I mentioned Lolita in a negative aspect a while back, yet that does not mean I think it is not beautiful—nor that I do not think Nabokov was a great poet. Today, another Nabokov work is salient: Pale Fire. I have noted before that in Pale Fire there is a poem, composed with an esoterically significant number, and that the poem’s author has a heart attack and goes to a place where cells interlink within cells interlink…and this was used in Blade Runner 2049 as a voice clip for the updated Voight-Kampff test to see if you are human.
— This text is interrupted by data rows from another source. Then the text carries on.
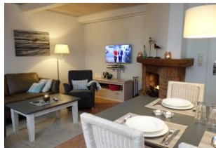
...mit Kamin und TV Gerät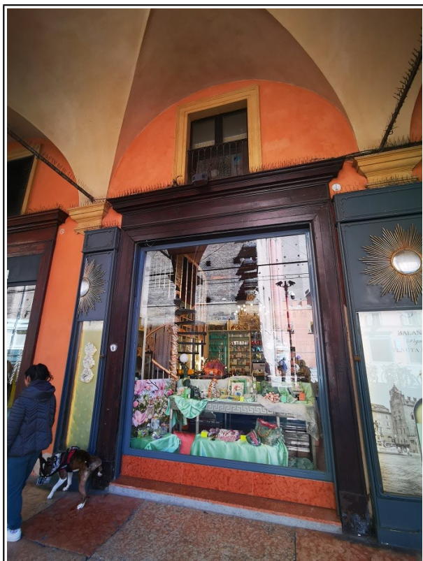
Vetrina negozio Piazza Galvani 1/A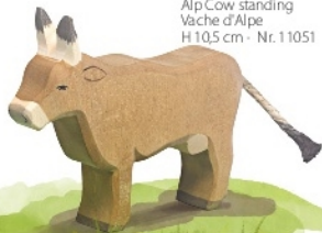
Almkuh stehend Alp Cow standing Vache d'Alpe H 10,5 cm - Nr. 11051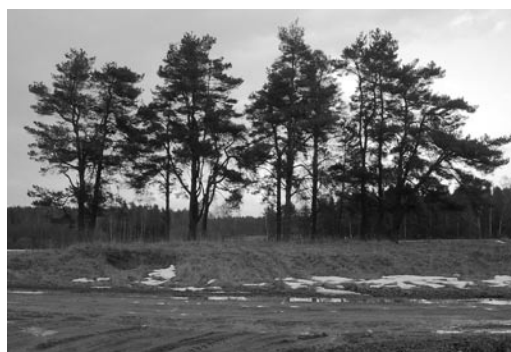
2–3 pav. „Kryžių kalno“ vaizdas, 2009 03 06.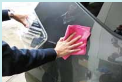
▲ 専用クロスを使用して真心を込めて拭き上げます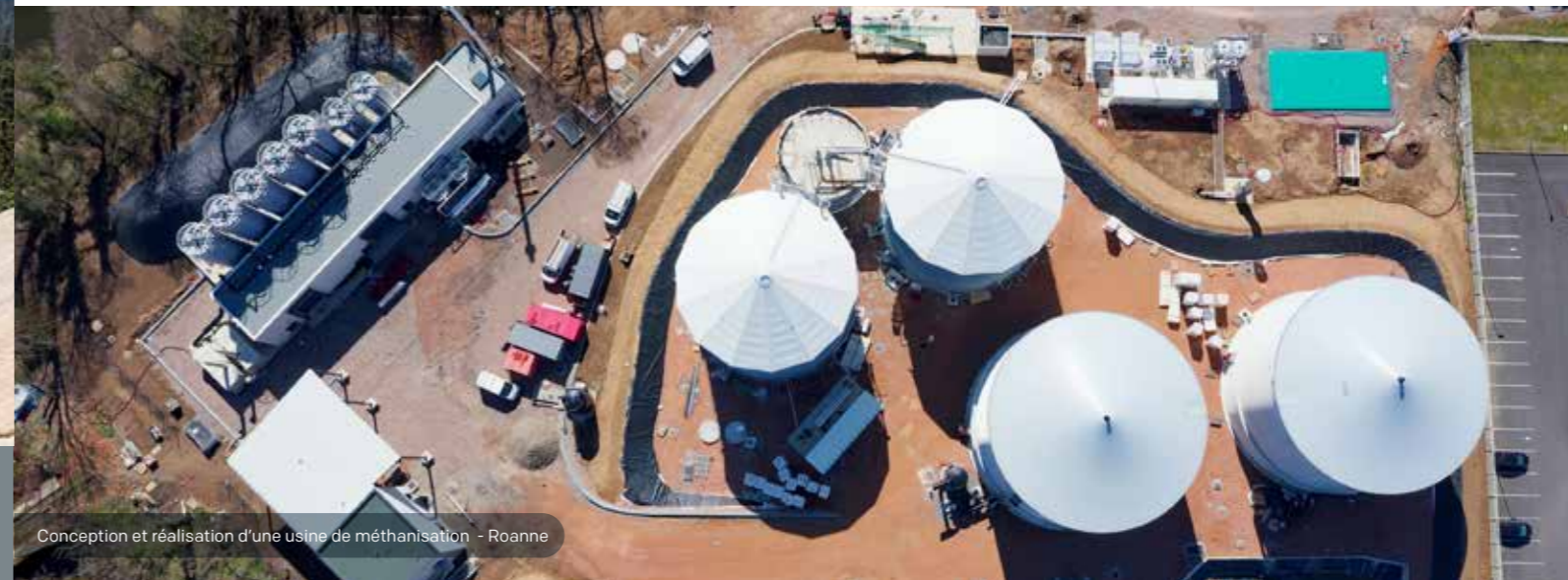
Conception et réalisation d'une usine de méthanisation - Roanne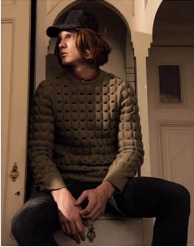
trika OOS 550 TL, gömlek PEOPLE BY FABRİKA 6990 TL, pantolon LEVİS (fiyat listede gösterilmemiştir), sağka ERMENEGİLO ZEDNA 2290 TL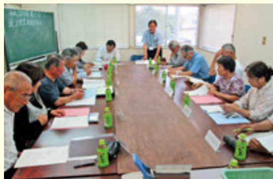
適正就業推進委員会

I also noted recently that the popular notion that “the bees are disappearing” refers not to biological bees but to those who love wisdom—those who were referred to long ago in Babylon, more recently by the Christian bishop Mar Salomon, as “bees”. The men who gather the honey of wisdom. The picture above is an obol placed with a corpse in ancient Greece to pay Charon the ferryman when you reach the far side—it depicts a bee; and the ancient Celts, the Druids, who went right back to Indo-Aryan times and were related to the Brahmins, said that the bees come from paradise—modern materialists interpret that to mean they were very grateful for the sweet honey, yet they are quite incorrect.


Heaven is the hive—it is the house of many mansions, so described by Jesus. Cells interlink cells interlink—so on to infinity, as were the old monks in their cells. Those who work for wisdom gather their honey to inhabit their cell, to return to the hive—wisdom gathered on earth is the sweetness that makes the home in Heaven. Today this has a Christian complexion, but it goes back beyond Christianity. And Nabokov knew in our day, in his pale fire, hence it was included in Blade Runner—a series that includes many Gnostic Christian themes. What is hidden from us today: honey is an unknown quality.